Hard cases make bad law

May 24, 2019

    Yesterday, the Trump Justice Department brought an 18 count indictment against Julian Assange, charging him under the Espionage Act for his publication of secret and classified information that Chelsea Manning provided to him in 2009 and 2010, (Source: U.S. v. Assange, Crim. No. 1:18-cr-111(CMH), E.D. Va., 5/23/19).  This superseding indictment sent a chill through the spine of journalists and First Amendment advocates everywhere, as it represented the first time that the act has been used to prosecute the recipient, rather than the source, of information, (Source: “Assange Indicted Under Espionage Act, Raising First Amendment Issues,” by Charlie Savage, The New York Times, 5/23/19).

    The superseding indictment had nothing to do with Assange’s role in hacking the DNC servers during the 2016 election, or with any alleged cooperation with the Russian interference in our election.  This prosecution seeks to punish Assange for his role in encouraging Chelsea Manning to provide him with, and then disclosing, scores of government documents that were classified at the SECRET level, defined as information whose “unauthorized disclosure reasonably could be expected to cause serious damage to national security,” (Source: U.S.v. Assange, p.16, par.45).  The government highlights Assange’s reckless disregard for the fact that his unredacted disclosure of the leaked information posed “a grave and imminent risk to human life,” (Source: U.S. v. Assange, pp. 11-12). Given the fact that these charges are being brought ten years after the fact, it is hard to credit concern for human life, hardly the hallmark of this administration, as the animating rationale behind this indictment.
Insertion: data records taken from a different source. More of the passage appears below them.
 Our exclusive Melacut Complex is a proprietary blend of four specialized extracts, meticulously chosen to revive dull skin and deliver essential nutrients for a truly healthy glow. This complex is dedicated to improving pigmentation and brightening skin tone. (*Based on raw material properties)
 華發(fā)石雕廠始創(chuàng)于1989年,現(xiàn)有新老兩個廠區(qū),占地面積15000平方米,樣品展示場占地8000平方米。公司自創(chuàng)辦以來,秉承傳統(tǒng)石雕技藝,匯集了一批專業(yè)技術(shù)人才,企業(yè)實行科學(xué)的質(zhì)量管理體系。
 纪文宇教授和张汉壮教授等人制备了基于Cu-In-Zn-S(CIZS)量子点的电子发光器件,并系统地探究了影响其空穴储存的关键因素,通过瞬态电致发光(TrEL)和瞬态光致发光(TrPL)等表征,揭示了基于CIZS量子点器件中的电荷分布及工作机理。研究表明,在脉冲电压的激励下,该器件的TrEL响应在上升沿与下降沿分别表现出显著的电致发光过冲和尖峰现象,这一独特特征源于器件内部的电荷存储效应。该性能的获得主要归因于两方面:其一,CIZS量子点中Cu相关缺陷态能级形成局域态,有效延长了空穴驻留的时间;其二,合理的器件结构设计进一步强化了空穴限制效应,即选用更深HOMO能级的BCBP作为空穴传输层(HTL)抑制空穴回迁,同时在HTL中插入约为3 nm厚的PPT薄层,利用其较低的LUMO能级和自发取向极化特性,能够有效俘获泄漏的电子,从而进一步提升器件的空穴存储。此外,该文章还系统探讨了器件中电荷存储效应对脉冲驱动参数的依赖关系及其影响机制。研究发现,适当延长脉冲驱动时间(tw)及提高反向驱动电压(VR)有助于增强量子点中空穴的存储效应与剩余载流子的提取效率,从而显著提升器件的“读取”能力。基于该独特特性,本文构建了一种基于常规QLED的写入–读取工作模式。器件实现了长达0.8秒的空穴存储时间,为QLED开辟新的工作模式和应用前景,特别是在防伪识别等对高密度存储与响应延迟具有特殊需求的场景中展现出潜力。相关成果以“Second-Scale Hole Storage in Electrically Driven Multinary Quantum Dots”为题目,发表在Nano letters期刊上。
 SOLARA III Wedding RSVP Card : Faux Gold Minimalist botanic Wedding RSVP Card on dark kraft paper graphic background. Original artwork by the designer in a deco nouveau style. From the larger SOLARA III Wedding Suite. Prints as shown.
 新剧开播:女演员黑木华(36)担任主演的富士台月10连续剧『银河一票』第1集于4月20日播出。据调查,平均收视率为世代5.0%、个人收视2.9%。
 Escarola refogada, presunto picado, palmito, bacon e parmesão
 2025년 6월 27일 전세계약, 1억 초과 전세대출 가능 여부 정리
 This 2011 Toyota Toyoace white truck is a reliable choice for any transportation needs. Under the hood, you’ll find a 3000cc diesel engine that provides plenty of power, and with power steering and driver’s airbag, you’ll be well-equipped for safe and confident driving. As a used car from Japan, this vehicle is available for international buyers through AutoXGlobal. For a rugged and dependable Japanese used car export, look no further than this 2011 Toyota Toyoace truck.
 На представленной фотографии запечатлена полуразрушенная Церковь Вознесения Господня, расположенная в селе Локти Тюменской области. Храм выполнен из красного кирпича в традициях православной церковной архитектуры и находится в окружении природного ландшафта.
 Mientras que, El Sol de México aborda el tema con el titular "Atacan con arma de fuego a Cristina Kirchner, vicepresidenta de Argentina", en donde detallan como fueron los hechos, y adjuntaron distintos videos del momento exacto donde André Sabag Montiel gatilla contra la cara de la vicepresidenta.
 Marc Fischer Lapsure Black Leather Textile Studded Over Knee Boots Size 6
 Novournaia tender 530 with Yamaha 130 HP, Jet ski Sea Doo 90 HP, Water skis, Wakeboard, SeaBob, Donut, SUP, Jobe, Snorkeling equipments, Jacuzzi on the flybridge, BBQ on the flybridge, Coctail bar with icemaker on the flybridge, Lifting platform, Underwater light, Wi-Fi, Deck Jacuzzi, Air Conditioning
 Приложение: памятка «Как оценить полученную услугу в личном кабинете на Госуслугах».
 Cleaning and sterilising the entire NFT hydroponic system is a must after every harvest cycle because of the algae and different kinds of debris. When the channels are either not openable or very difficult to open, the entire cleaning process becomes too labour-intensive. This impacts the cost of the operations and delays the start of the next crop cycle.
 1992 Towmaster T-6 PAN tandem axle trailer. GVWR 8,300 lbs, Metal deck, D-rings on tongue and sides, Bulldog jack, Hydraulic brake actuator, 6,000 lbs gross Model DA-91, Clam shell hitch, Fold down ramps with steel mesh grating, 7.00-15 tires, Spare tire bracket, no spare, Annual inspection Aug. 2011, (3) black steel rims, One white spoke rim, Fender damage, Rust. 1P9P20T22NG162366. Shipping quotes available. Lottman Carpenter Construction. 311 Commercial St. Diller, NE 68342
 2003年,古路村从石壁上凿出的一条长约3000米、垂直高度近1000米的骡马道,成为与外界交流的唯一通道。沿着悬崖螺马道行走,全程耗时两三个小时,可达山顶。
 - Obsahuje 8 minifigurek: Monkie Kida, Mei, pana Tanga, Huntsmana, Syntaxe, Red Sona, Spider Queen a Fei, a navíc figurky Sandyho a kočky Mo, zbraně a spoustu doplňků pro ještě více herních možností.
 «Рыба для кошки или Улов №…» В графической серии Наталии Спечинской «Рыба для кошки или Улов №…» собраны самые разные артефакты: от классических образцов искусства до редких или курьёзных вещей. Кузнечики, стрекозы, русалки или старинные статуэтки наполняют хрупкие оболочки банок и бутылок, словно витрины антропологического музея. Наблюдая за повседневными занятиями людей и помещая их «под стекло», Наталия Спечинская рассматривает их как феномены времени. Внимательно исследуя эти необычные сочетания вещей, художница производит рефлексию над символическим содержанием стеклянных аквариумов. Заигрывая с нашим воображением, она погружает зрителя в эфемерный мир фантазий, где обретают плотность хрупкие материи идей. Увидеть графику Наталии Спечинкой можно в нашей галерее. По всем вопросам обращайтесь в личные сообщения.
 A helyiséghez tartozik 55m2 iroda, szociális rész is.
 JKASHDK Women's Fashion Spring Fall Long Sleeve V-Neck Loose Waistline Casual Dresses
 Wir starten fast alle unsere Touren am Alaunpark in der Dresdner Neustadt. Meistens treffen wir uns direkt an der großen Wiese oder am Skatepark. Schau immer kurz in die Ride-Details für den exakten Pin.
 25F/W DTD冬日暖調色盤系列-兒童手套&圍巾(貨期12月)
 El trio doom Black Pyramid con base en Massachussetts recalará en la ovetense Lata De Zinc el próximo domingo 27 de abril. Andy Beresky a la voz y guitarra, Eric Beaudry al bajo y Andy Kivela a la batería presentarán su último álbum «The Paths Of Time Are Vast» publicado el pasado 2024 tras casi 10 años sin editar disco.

      In the press conference announcing the charges, John Demers, Head of the Justice Department’s National Security Division, brushed aside concerns about press freedom, asserting that Assange is “no journalist.”. In this age where bloggers, digital outlets and freelance investigative journalists are all news sources,  the government has no business being the arbiter of who is or isn’t a journalist. The more salient point is that the Espionage Act contains “no exemption for journalists” and prior administrations refused to prosecute publishers because they feared setting a “dangerous precedent,” (Source:  “The Latest Julian Assange Indictment Is an Assault on Press Freedom,” by Brian Barrett, Wired.com, 5/23/19).  No such concern restrains the Trump administration.

     Assange’s role in the Russian interference with our 2016 elections may be reprehensible.  He may deserve extradition to Sweden to be held accountable for charges of rape, but our animus should not blind us to the grave danger these charges pose to freedom of the press.  We should recognize that the government picked Assange precisely because he is deeply unpopular across the political spectrum. They are hoping that antipathy towards Assange will leave him, and the future of investigative journalism, defenseless.

      It is instructive to reflect on the history of the Espionage Act, which has been used as a tool to stifle dissent since its passage in 1917.  Initially enacted during World War I, it was used by nativists to punish the perceived disloyalty of Irish and German Americans. The prosecution of socialist Charles T. Schenck for distribution of flyers opposing the draft, activity that should have been protected by the First Amendment, was upheld by The Supreme Court, (Source:  “The Espionage Act’s Troubling Origins,” by Priscilla Guo, The Electronic Frontier Foundation, eff.org, 6/14/17).  The Espionage Act was deployed against suspected communists  during the McCarthy Blacklist era in the 1950’s, and against Daniel Ellsberg in the 1970’s for leaking The Pentagon Papers.  How do we think that Trump, a more corrupt president than Nixon and a more venal person that Joseph McCarthy, will use a statute like The Espionage Act?  We have no choice but to side with Assange on this. In the words of Oliver Wendell Holmes, “Hard cases make bad law.”